## [Exercise requirements]
Every entry below is to be returned unchanged. Images are not part of the copy.

● ● ● ● ●

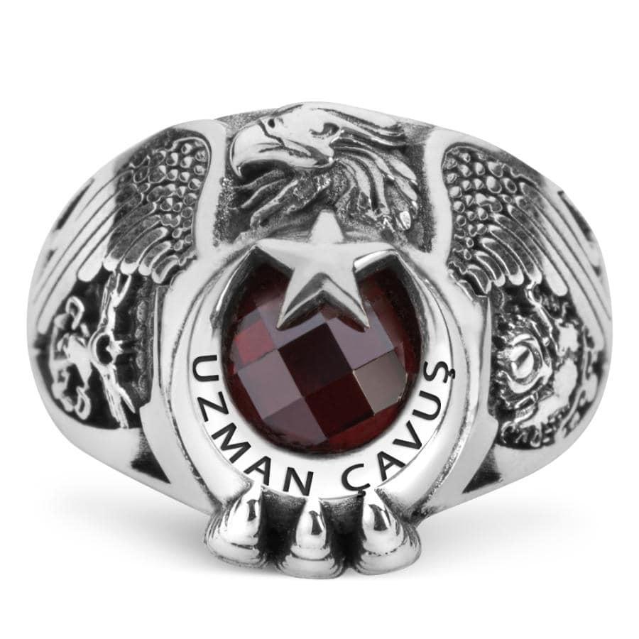 Mesleğinize olan sadakat ve bağlılığınızı taşıdığınız aksesuarlarla da gösterin! Kara Kuvvetlerine bağlı olarak görev yapan kahraman Uzman çavuşlar için özel olarak tasarlanan geleneksel kartal başlı tasarımlı bu aksesuarı daha yakından incelemeye ne dersiniz? Hakimiyeti ve gücü temsil eden kartal motifi ay yıldız tasarımla birleştirilerek zirkon taş ile zenginleştirilmiştir. Yüzük yanlarında Türk Silahlı Kuvvetleri ve Osmanlı Armasına yer verilmiştir. Yüzük hilal içine ise lazer yöntemiyle "Uzman Çavuş" yazısı işlenmiştir. Siz de hemen sipariş verin, sadece Anı yüzüğün sunduğu ömür boyu garanti imkanıyla kusursuz bir aksesuarın sahibi olun.
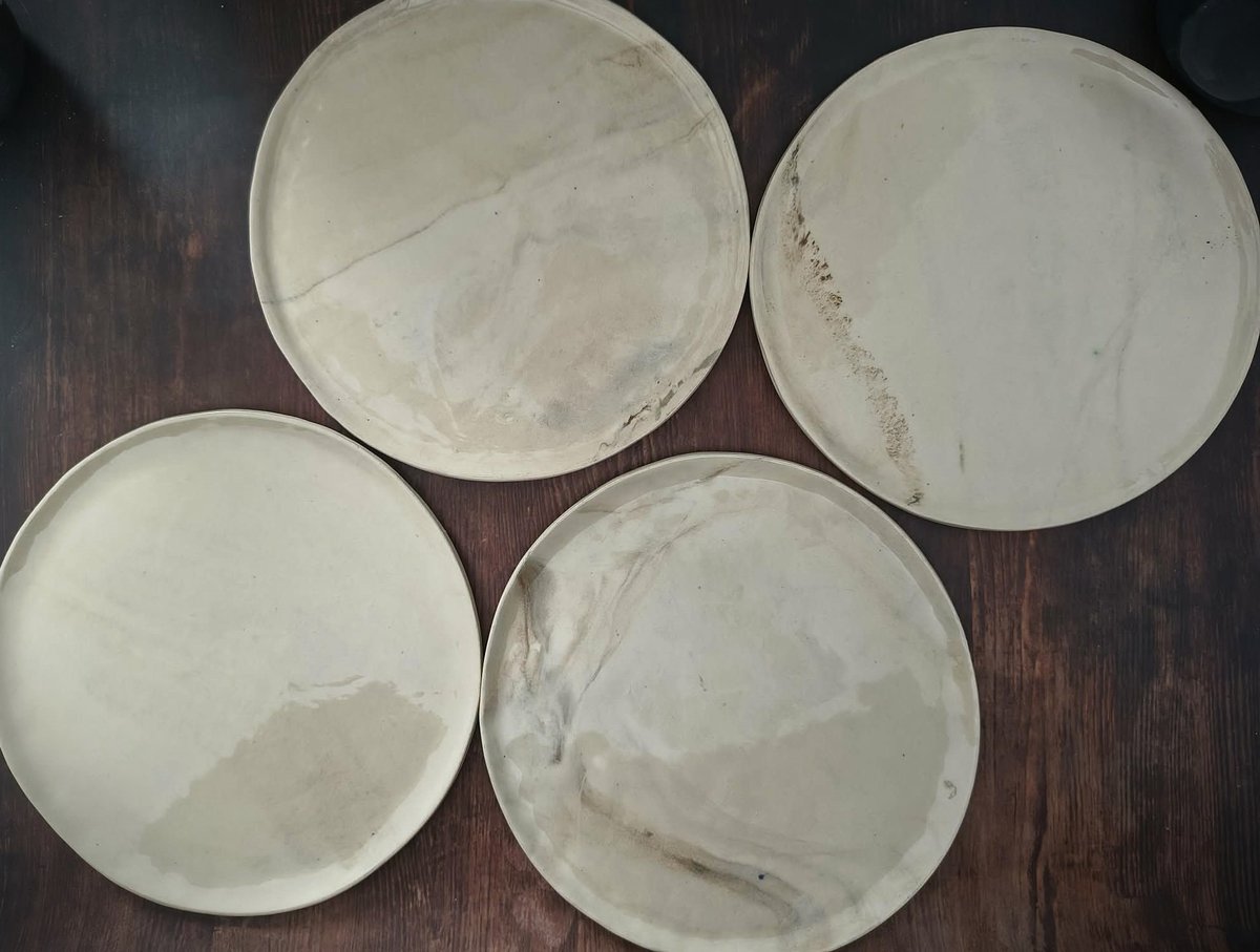 Assiette à dessert en grès marbré. Email transparent. Le dessous des assiettes est brut.
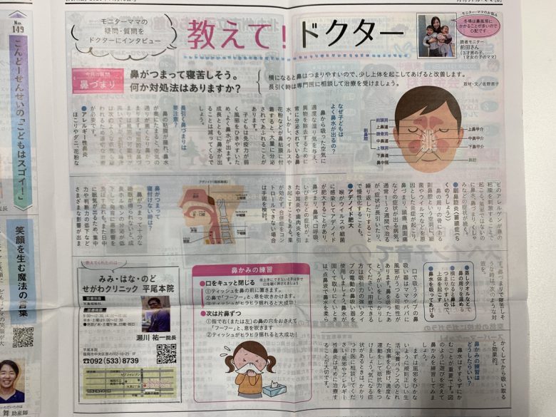 今回のご質問は「こどもの鼻がつまって寝苦しそう。対処法はありますか?」というものでした。
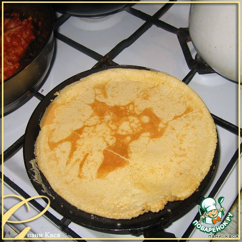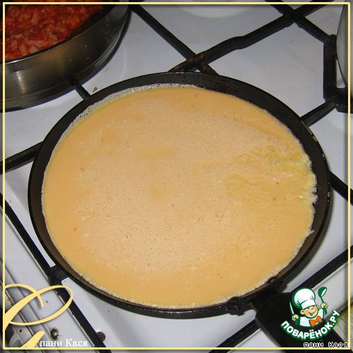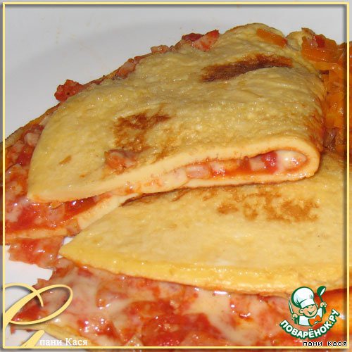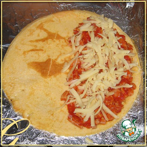 На противень раскатываем фольгу, на нее - блинчики, на 1 половинку кладем начинку и тертый сыр
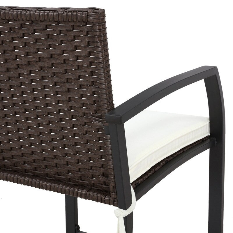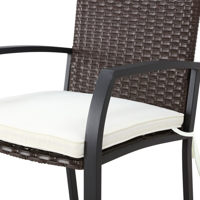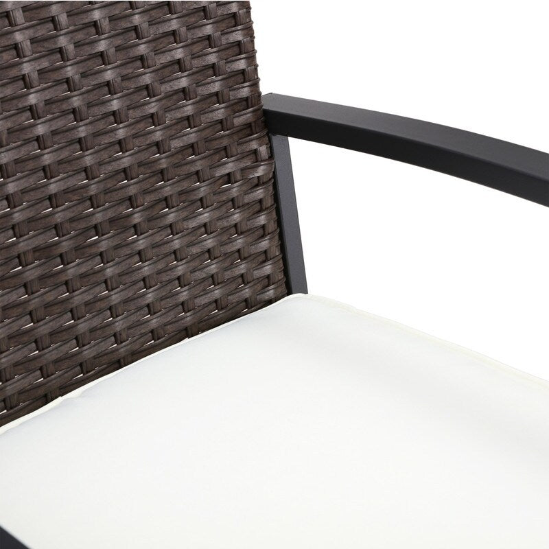 Le sedie da bar sono realizzate con un esclusivo processo di piantagione di rattan, hanno una struttura resistente, seduta e schienale in vimini classico e un cuscino in tessuto di poliestere non fragile. Il design lineare e lineare offre una seduta confortevole e un'esperienza visiva di grande impatto. Il tavolo in acciaio con piano in vetro è progettato per vivere all'aperto. È perfetto per il vostro patio. Abbastanza sobrio per qualsiasi contesto soleggiato, abbina una struttura con finitura nera a un piano in vetro che assume una silhouette squadrata e arrotondata.
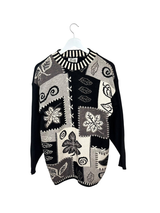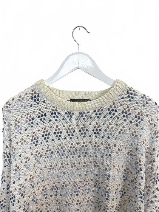 Vintage 90's Crescendo Women's Textured Multicolour Pattern Knit Sweater Medium
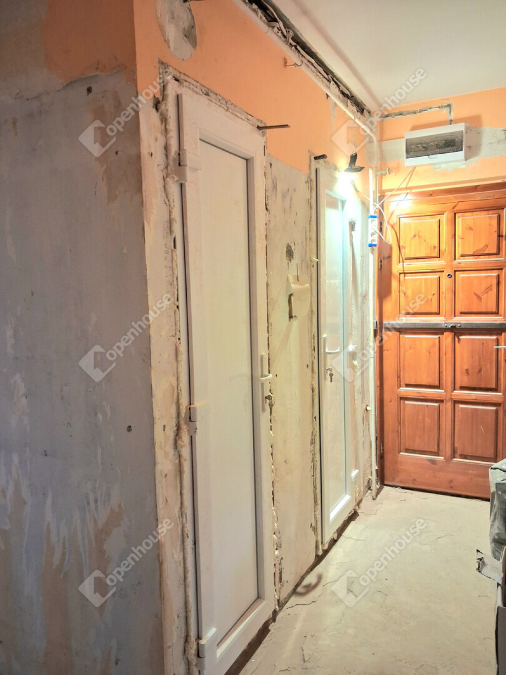 Falban a villanyvezetékek,vízvezetékek,fürdőszoba illetve a wc cseréje az lakásban megtörtént.
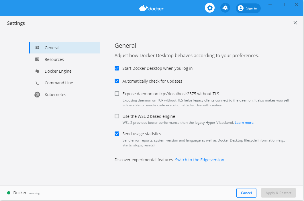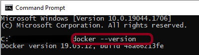 To see if Docker is correctly configured, run the following line in Command Prompt. The version of Docker installed on the system is provided.
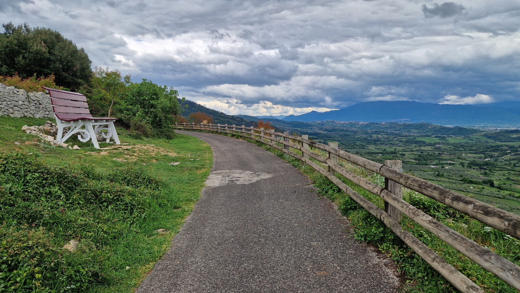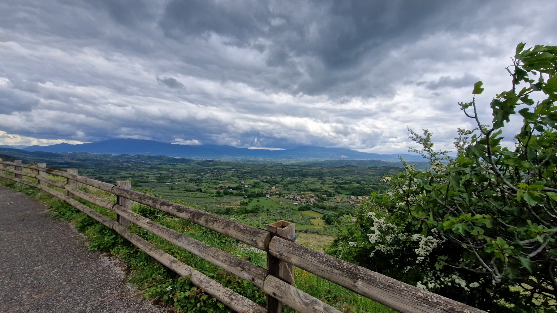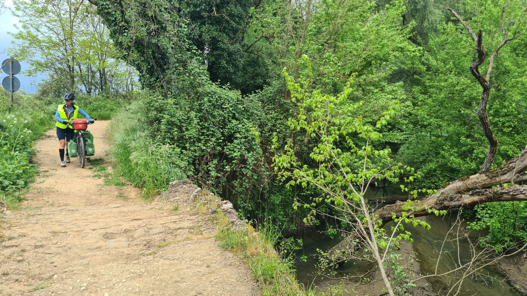 Nous avons suivi les traces Eurovelo 5 et avons été plutôt agréablement surpris : nous avons largement évité les routes à grandes circulation, les chemins de terre que nous avons emprunté étaient plutôt roulants et nous n’avons pas du pousser les vélos trop souvent et nous avons même terminé par 25 km d’une piste cyclable en plutôt bon état qui montait en balcon avec de superbes paysages.

● ● ● ● ●

## [Exercise output]
 Mesleğinize olan sadakat ve bağlılığınızı taşıdığınız aksesuarlarla da gösterin! Kara Kuvvetlerine bağlı olarak görev yapan kahraman Uzman çavuşlar için özel olarak tasarlanan geleneksel kartal başlı tasarımlı bu aksesuarı daha yakından incelemeye ne dersiniz? Hakimiyeti ve gücü temsil eden kartal motifi ay yıldız tasarımla birleştirilerek zirkon taş ile zenginleştirilmiştir. Yüzük yanlarında Türk Silahlı Kuvvetleri ve Osmanlı Armasına yer verilmiştir. Yüzük hilal içine ise lazer yöntemiyle "Uzman Çavuş" yazısı işlenmiştir. Siz de hemen sipariş verin, sadece Anı yüzüğün sunduğu ömür boyu garanti imkanıyla kusursuz bir aksesuarın sahibi olun.
 Assiette à dessert en grès marbré. Email transparent. Le dessous des assiettes est brut.
 今回のご質問は「こどもの鼻がつまって寝苦しそう。対処法はありますか?」というものでした。
 На противень раскатываем фольгу, на нее - блинчики, на 1 половинку кладем начинку и тертый сыр
 Le sedie da bar sono realizzate con un esclusivo processo di piantagione di rattan, hanno una struttura resistente, seduta e schienale in vimini classico e un cuscino in tessuto di poliestere non fragile. Il design lineare e lineare offre una seduta confortevole e un'esperienza visiva di grande impatto. Il tavolo in acciaio con piano in vetro è progettato per vivere all'aperto. È perfetto per il vostro patio. Abbastanza sobrio per qualsiasi contesto soleggiato, abbina una struttura con finitura nera a un piano in vetro che assume una silhouette squadrata e arrotondata.
 Vintage 90's Crescendo Women's Textured Multicolour Pattern Knit Sweater Medium
 Falban a villanyvezetékek,vízvezetékek,fürdőszoba illetve a wc cseréje az lakásban megtörtént.
 To see if Docker is correctly configured, run the following line in Command Prompt. The version of Docker installed on the system is provided.
 Nous avons suivi les traces Eurovelo 5 et avons été plutôt agréablement surpris : nous avons largement évité les routes à grandes circulation, les chemins de terre que nous avons emprunté étaient plutôt roulants et nous n’avons pas du pousser les vélos trop souvent et nous avons même terminé par 25 km d’une piste cyclable en plutôt bon état qui montait en balcon avec de superbes paysages.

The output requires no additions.